# Wigwam Travel Trailer



## new2rv (Apr 13, 2006)

I have recently bought a 1974 wigwam travel trailer and know absolutely nothing about it, and have been unable to find anything about it and have run out of places to look... I have googled it every way it can be googled and keep coming to dead end.  At this poing any information I can receive would be helpful.  So if anyone can tell me where to look, or if you have one and can tell me information, anything...  Thanks in advance! :question:


----------



## turnipbwc (Apr 13, 2006)

Wigwam Travel Trailer

Welcome to the forum......I tried to find something for you and found nothing.

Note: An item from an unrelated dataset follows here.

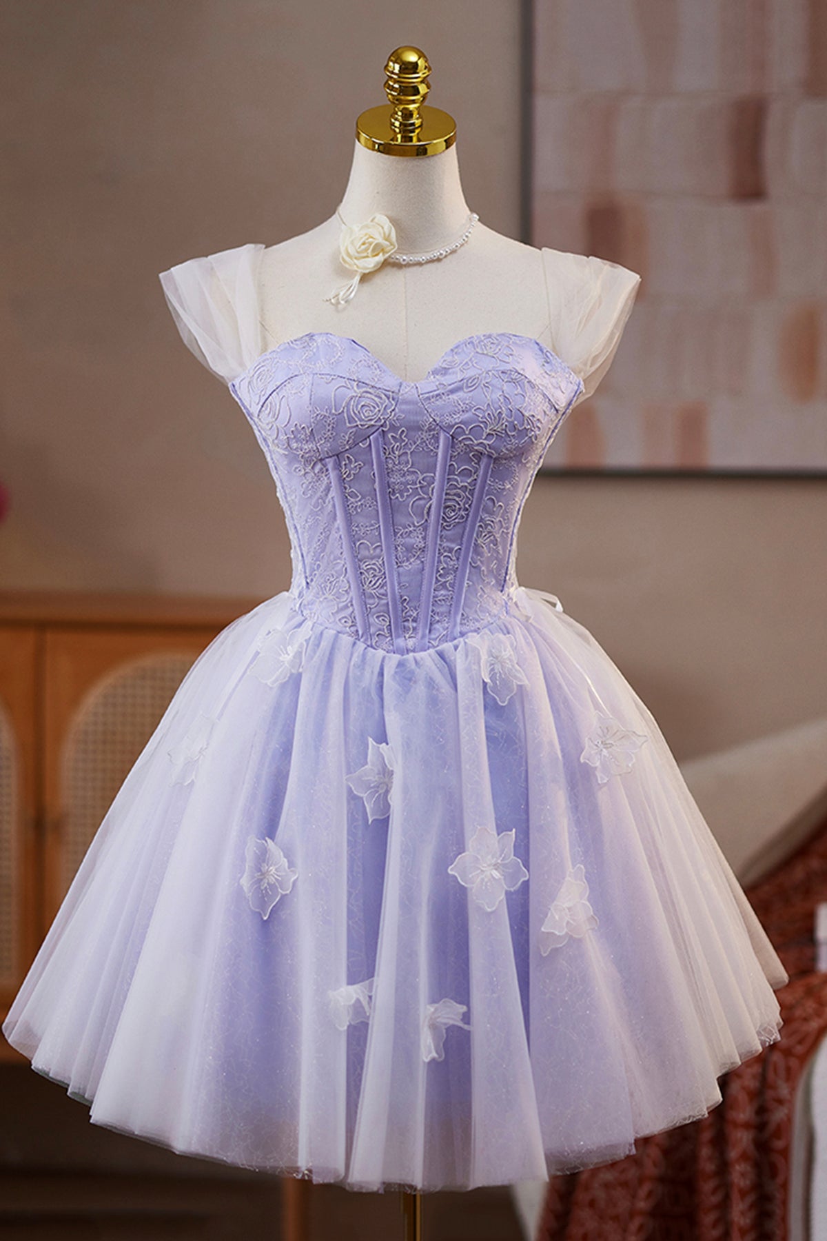Lilac Lace Off the Shoulder Short Prom Dress, A-Line Birthday Party Dress

Looks like you will have to keep looking. I never heard of wigwam before so I don't figure there were a lot of them made. 
Good Luck, 
Ray


----------



## TexasClodhopper (Apr 13, 2006)

Wigwam Travel Trailer

There must be a plate on the side of the trailer or frame with more info on it than you have provided.


----------



## Krazeehorse (Apr 13, 2006)

Wigwam Travel Trailer

If you can find the vin plate and it has the town where it was manufactured then I would contact their chamber of commerce and someone there should be able to lead you to some information.


----------



## new2rv (Apr 13, 2006)

Wigwam Travel Trailer

Thanks I believe it said it was made somewhere in Tennessee, I just seen the plate this morning... I will give that a try...


----------



## new2rv (Apr 25, 2006)

Wigwam Travel Trailer

Well I have had no luck in finding any information about this trailer.  I have decided to sell it and buy a Winnebago, at least I know a little something about it and if I don't know it then most likely someone else will...


----------



## s.harrington (Apr 25, 2006)

Wigwam Travel Trailer

Wig wam went out with the gas crunch of 75.  When gas went to 70 cents a gallon (boy don't you wish now) lots of RV companies went bust.  My father used to sell stuff to RV and Mobilehome Companies and they were on of his accounts.


----------



## new2rv (Apr 27, 2006)

Wigwam Travel Trailer

Hey thanks for the links, couldnt find any infor on the site, but I did "contact" them, waiting for a response!  I really appreciate it, maybe it will get me somewhere, I will keep posting!


----------



## new2rv (Apr 29, 2006)

Wigwam Travel Trailer

Well I never heard back from anyone that I emailed, again thanks for the links.  I sold the trailer this weekend and now own a 1982 Winnebago Brave!


----------